### DATA BLOCK
__________________________________________________

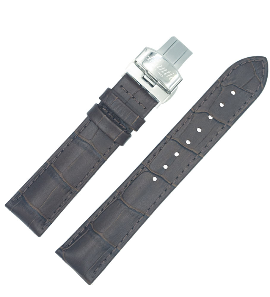 Originální řemínek na hodinky Atlantic. Vyrobeno z hnědé kůže se vzorem aligátora. Šířka 20 mm v místě upevnění a 18 mm u přezky. Stříbrná motýlková spona s logem Atlantic. Elegantní kožený řemínek pro pánské hodinky Atlantic.
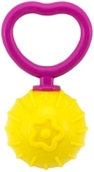 Ergonomska ručka omogućuje bebi čvrst i udoban hvat, potiče koordinaciju oko–ruka i prve pokušaje samostalnog držanja.
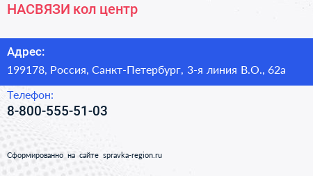 НАСВЯЗИ, кол-центр по адресу 199178, Россия, Санкт-Петербург, 3-я линия В.О., 62а в дальнейшем Организация, размещена в следующих категориях:
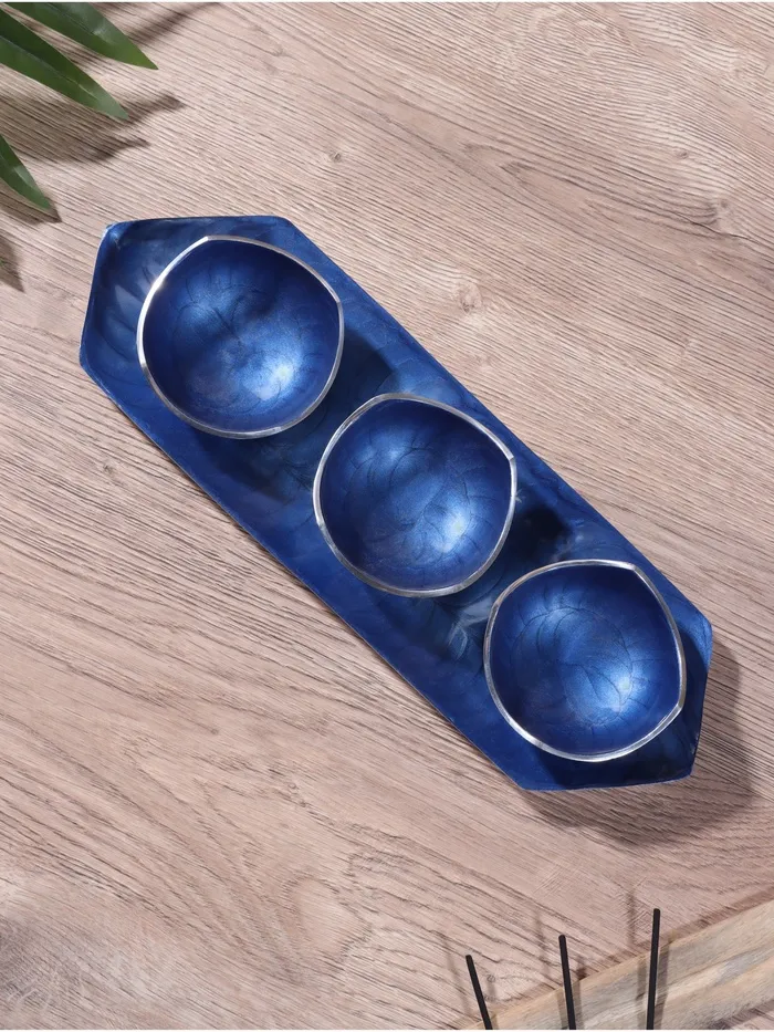 Менажница "Аква" (набор 3 шт) 9х9х5 см, на подносе, алюминий

__________________________________________________

### TASK ITEM
The data shown above must be printed again exactly, with no images included.

### RESPONSE
 Originální řemínek na hodinky Atlantic. Vyrobeno z hnědé kůže se vzorem aligátora. Šířka 20 mm v místě upevnění a 18 mm u přezky. Stříbrná motýlková spona s logem Atlantic. Elegantní kožený řemínek pro pánské hodinky Atlantic.
 Ergonomska ručka omogućuje bebi čvrst i udoban hvat, potiče koordinaciju oko–ruka i prve pokušaje samostalnog držanja.
 НАСВЯЗИ, кол-центр по адресу 199178, Россия, Санкт-Петербург, 3-я линия В.О., 62а в дальнейшем Организация, размещена в следующих категориях:
 Менажница "Аква" (набор 3 шт) 9х9х5 см, на подносе, алюминий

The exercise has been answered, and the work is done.